--- DATASET ---

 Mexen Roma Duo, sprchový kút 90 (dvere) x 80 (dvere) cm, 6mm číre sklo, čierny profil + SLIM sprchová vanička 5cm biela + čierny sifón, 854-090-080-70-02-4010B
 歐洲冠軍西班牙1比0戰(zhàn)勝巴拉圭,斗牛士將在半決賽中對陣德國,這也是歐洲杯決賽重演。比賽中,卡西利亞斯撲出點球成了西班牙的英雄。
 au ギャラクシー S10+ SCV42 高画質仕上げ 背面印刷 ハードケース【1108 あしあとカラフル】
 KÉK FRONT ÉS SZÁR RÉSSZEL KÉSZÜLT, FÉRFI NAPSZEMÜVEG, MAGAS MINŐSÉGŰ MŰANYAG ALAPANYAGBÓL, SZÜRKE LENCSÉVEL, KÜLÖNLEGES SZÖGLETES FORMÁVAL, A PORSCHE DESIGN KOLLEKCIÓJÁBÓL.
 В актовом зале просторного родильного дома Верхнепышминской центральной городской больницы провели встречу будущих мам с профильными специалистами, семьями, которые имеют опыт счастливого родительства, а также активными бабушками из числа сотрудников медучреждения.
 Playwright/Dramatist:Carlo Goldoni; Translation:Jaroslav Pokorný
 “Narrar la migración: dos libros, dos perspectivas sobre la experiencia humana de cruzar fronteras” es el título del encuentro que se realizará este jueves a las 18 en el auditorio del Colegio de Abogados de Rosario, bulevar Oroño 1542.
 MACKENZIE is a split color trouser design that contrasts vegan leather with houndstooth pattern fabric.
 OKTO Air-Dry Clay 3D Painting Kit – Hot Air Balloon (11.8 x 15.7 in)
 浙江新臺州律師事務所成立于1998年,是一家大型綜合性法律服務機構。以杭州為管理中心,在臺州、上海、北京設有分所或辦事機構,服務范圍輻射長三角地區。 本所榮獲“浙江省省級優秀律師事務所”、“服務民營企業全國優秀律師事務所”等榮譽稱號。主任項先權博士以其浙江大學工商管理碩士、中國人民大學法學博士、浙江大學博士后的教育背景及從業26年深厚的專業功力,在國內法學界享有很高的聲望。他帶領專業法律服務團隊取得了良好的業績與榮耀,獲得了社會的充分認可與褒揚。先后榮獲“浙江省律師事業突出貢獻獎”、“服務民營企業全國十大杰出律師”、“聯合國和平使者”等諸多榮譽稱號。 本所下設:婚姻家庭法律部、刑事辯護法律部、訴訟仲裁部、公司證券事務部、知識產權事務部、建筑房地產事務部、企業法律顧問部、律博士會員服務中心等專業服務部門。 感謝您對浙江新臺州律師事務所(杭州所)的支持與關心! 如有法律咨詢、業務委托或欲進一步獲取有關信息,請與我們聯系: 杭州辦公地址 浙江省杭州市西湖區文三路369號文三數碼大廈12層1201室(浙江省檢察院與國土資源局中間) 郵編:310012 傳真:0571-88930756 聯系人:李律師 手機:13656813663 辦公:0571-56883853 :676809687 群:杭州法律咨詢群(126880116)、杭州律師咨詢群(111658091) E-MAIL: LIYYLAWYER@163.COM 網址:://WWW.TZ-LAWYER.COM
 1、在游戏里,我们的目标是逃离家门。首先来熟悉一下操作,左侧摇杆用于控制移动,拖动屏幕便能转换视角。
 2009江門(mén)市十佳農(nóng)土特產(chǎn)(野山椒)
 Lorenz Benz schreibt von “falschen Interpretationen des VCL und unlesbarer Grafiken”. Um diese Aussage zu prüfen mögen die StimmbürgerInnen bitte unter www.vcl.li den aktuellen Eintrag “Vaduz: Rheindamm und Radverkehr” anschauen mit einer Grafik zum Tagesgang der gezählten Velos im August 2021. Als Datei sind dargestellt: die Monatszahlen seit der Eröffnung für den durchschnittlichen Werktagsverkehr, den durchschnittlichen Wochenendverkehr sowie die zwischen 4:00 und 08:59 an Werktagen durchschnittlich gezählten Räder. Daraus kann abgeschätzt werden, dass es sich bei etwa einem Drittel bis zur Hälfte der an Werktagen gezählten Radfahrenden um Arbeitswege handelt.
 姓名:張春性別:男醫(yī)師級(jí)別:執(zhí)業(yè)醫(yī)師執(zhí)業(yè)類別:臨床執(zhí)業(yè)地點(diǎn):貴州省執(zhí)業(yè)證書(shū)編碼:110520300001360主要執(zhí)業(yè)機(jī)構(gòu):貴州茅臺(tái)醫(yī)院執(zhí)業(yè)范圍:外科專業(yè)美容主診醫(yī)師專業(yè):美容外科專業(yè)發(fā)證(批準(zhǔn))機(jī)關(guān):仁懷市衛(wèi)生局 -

--- WHAT YOU ARE ASKED TO DO ---
Return all the lines above exactly as given.

--- PROBLEM SOLUTION ---
 Mexen Roma Duo, sprchový kút 90 (dvere) x 80 (dvere) cm, 6mm číre sklo, čierny profil + SLIM sprchová vanička 5cm biela + čierny sifón, 854-090-080-70-02-4010B
 歐洲冠軍西班牙1比0戰(zhàn)勝巴拉圭,斗牛士將在半決賽中對陣德國,這也是歐洲杯決賽重演。比賽中,卡西利亞斯撲出點球成了西班牙的英雄。
 au ギャラクシー S10+ SCV42 高画質仕上げ 背面印刷 ハードケース【1108 あしあとカラフル】
 KÉK FRONT ÉS SZÁR RÉSSZEL KÉSZÜLT, FÉRFI NAPSZEMÜVEG, MAGAS MINŐSÉGŰ MŰANYAG ALAPANYAGBÓL, SZÜRKE LENCSÉVEL, KÜLÖNLEGES SZÖGLETES FORMÁVAL, A PORSCHE DESIGN KOLLEKCIÓJÁBÓL.
 В актовом зале просторного родильного дома Верхнепышминской центральной городской больницы провели встречу будущих мам с профильными специалистами, семьями, которые имеют опыт счастливого родительства, а также активными бабушками из числа сотрудников медучреждения.
 Playwright/Dramatist:Carlo Goldoni; Translation:Jaroslav Pokorný
 “Narrar la migración: dos libros, dos perspectivas sobre la experiencia humana de cruzar fronteras” es el título del encuentro que se realizará este jueves a las 18 en el auditorio del Colegio de Abogados de Rosario, bulevar Oroño 1542.
 MACKENZIE is a split color trouser design that contrasts vegan leather with houndstooth pattern fabric.
 OKTO Air-Dry Clay 3D Painting Kit – Hot Air Balloon (11.8 x 15.7 in)
 浙江新臺州律師事務所成立于1998年,是一家大型綜合性法律服務機構。以杭州為管理中心,在臺州、上海、北京設有分所或辦事機構,服務范圍輻射長三角地區。 本所榮獲“浙江省省級優秀律師事務所”、“服務民營企業全國優秀律師事務所”等榮譽稱號。主任項先權博士以其浙江大學工商管理碩士、中國人民大學法學博士、浙江大學博士后的教育背景及從業26年深厚的專業功力,在國內法學界享有很高的聲望。他帶領專業法律服務團隊取得了良好的業績與榮耀,獲得了社會的充分認可與褒揚。先后榮獲“浙江省律師事業突出貢獻獎”、“服務民營企業全國十大杰出律師”、“聯合國和平使者”等諸多榮譽稱號。 本所下設:婚姻家庭法律部、刑事辯護法律部、訴訟仲裁部、公司證券事務部、知識產權事務部、建筑房地產事務部、企業法律顧問部、律博士會員服務中心等專業服務部門。 感謝您對浙江新臺州律師事務所(杭州所)的支持與關心! 如有法律咨詢、業務委托或欲進一步獲取有關信息,請與我們聯系: 杭州辦公地址 浙江省杭州市西湖區文三路369號文三數碼大廈12層1201室(浙江省檢察院與國土資源局中間) 郵編:310012 傳真:0571-88930756 聯系人:李律師 手機:13656813663 辦公:0571-56883853 :676809687 群:杭州法律咨詢群(126880116)、杭州律師咨詢群(111658091) E-MAIL: LIYYLAWYER@163.COM 網址:://WWW.TZ-LAWYER.COM
 1、在游戏里,我们的目标是逃离家门。首先来熟悉一下操作,左侧摇杆用于控制移动,拖动屏幕便能转换视角。
 2009江門(mén)市十佳農(nóng)土特產(chǎn)(野山椒)
 Lorenz Benz schreibt von “falschen Interpretationen des VCL und unlesbarer Grafiken”. Um diese Aussage zu prüfen mögen die StimmbürgerInnen bitte unter www.vcl.li den aktuellen Eintrag “Vaduz: Rheindamm und Radverkehr” anschauen mit einer Grafik zum Tagesgang der gezählten Velos im August 2021. Als Datei sind dargestellt: die Monatszahlen seit der Eröffnung für den durchschnittlichen Werktagsverkehr, den durchschnittlichen Wochenendverkehr sowie die zwischen 4:00 und 08:59 an Werktagen durchschnittlich gezählten Räder. Daraus kann abgeschätzt werden, dass es sich bei etwa einem Drittel bis zur Hälfte der an Werktagen gezählten Radfahrenden um Arbeitswege handelt.
 姓名:張春性別:男醫(yī)師級(jí)別:執(zhí)業(yè)醫(yī)師執(zhí)業(yè)類別:臨床執(zhí)業(yè)地點(diǎn):貴州省執(zhí)業(yè)證書(shū)編碼:110520300001360主要執(zhí)業(yè)機(jī)構(gòu):貴州茅臺(tái)醫(yī)院執(zhí)業(yè)范圍:外科專業(yè)美容主診醫(yī)師專業(yè):美容外科專業(yè)發(fā)證(批準(zhǔn))機(jī)關(guān):仁懷市衛(wèi)生局 -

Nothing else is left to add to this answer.